In the medieval times, there was a grange belonging to Quarr Abbey there.

The celebrated architect John Nash (1752–1835), designer of London’s Regent Street, was a landowner in Hamstead and neighbouring areas in the early 19th century. Nash redesigned Hamstead Farm, part of the Hamstead Estate, in 1806 for his own use.

In 1832, Nash built the Hamstead Tramway, which was the first railway on the Isle of Wight. This horse-drawn tramway connected Hamstead Quay on Newtown River with Nash’s property Hamstead House. The tramway supplied goods to the estate. It had ceased operations by 1860.

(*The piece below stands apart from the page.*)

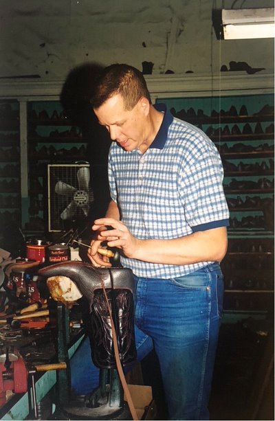 So, in 1976, he enrolled in the Shoe Boot and Saddle course at Oklahoma State Tech (OST) under Earl Bain’s direction. After graduating from the program, he made boots and did repairs for an Oklahoma western wear shop. He was ready to move on, and in 1980 became an apprentice bootmaker for Tex Robin in Coleman, Texas.
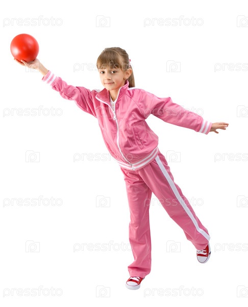 Девочка в розовом спортивном костюме стоит на одной ноге и держит красный мяч в противоположной руке на белом фоне

During World War II, Hamstead was the site of support infrastructure for the Western Solent anti-submarine boom. The barrier ran from Hamstead Point to Sowley on the mainland, and supported nets to create a physical barrier to submarines attempting to enter Southampton Water from the west. A concrete ramp used for the boom is still visible next to Hamstead Ledge.

In 1959, the Central Electricity Generating Board proposed the construction of a nuclear power station at Hamstead Farm. The proposal was opposed and blocked by the Solent Protection Society.

== Walking ==
The Hamstead Trail starts in the settlement, connecting Hamstead Point on the Solent in the northern coast of the island to Brook Down and Brook Bay on the southern coast.

The Isle of Wight Coastal Path passes through Hamstead between Newtown and Yarmouth.